═══ EXERCISE DATA ═══

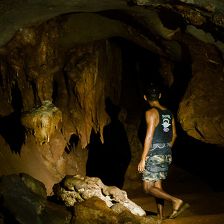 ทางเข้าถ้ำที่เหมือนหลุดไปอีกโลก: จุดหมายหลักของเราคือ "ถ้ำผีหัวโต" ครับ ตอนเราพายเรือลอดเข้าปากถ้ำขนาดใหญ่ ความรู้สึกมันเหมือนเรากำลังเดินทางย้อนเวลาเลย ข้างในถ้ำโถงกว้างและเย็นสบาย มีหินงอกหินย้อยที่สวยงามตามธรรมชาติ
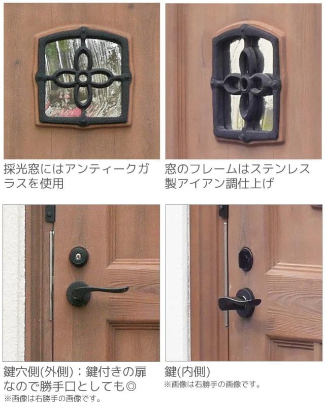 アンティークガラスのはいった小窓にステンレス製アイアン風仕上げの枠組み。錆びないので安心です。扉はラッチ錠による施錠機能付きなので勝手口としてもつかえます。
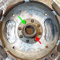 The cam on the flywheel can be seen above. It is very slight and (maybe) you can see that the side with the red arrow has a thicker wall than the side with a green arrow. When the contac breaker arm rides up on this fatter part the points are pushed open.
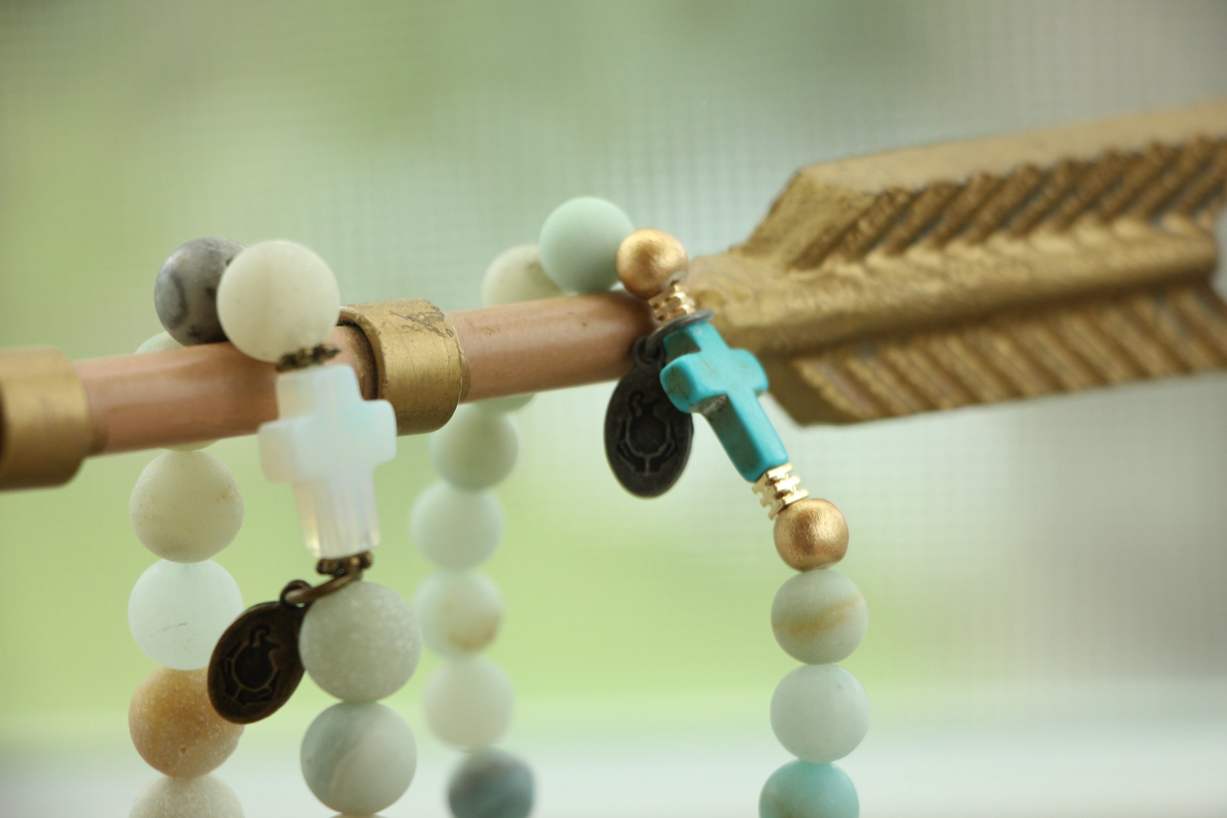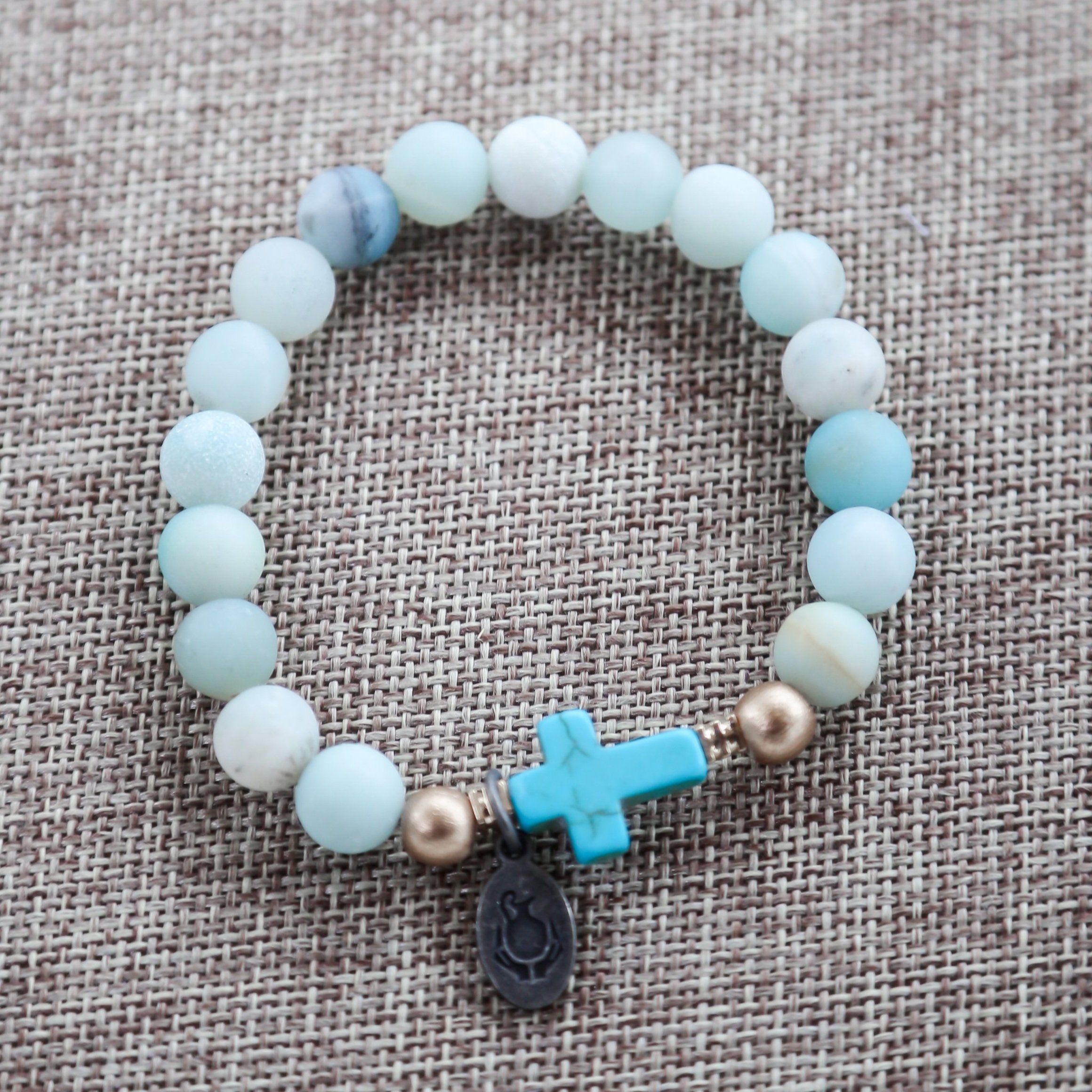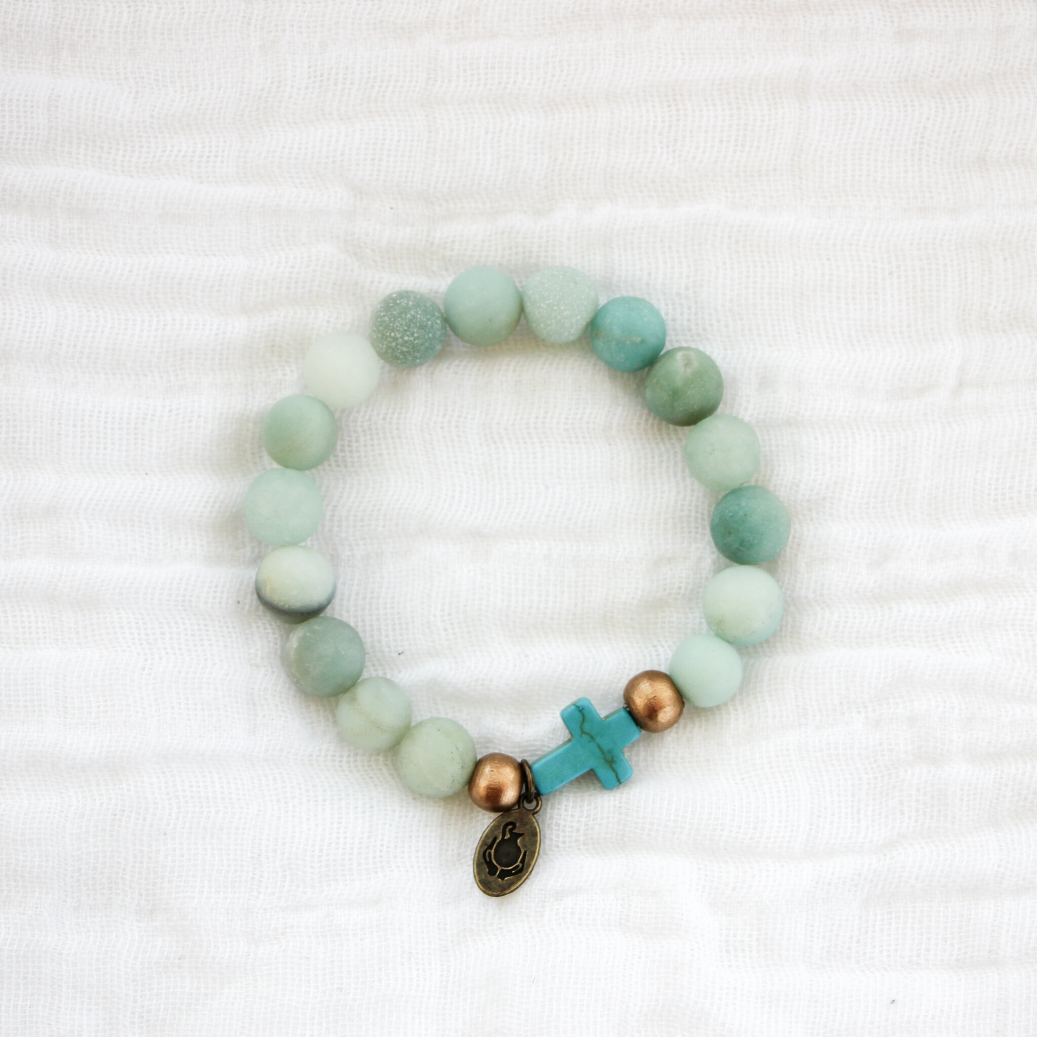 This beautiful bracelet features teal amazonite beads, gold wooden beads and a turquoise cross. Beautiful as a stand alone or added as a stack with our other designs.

═══

Every line between the one containing "アンティークガラスのはいった" and the last line of the data above, both included, should be copied exactly, but not the pictures.

 アンティークガラスのはいった小窓にステンレス製アイアン風仕上げの枠組み。錆びないので安心です。扉はラッチ錠による施錠機能付きなので勝手口としてもつかえます。
 The cam on the flywheel can be seen above. It is very slight and (maybe) you can see that the side with the red arrow has a thicker wall than the side with a green arrow. When the contac breaker arm rides up on this fatter part the points are pushed open.
 This beautiful bracelet features teal amazonite beads, gold wooden beads and a turquoise cross. Beautiful as a stand alone or added as a stack with our other designs.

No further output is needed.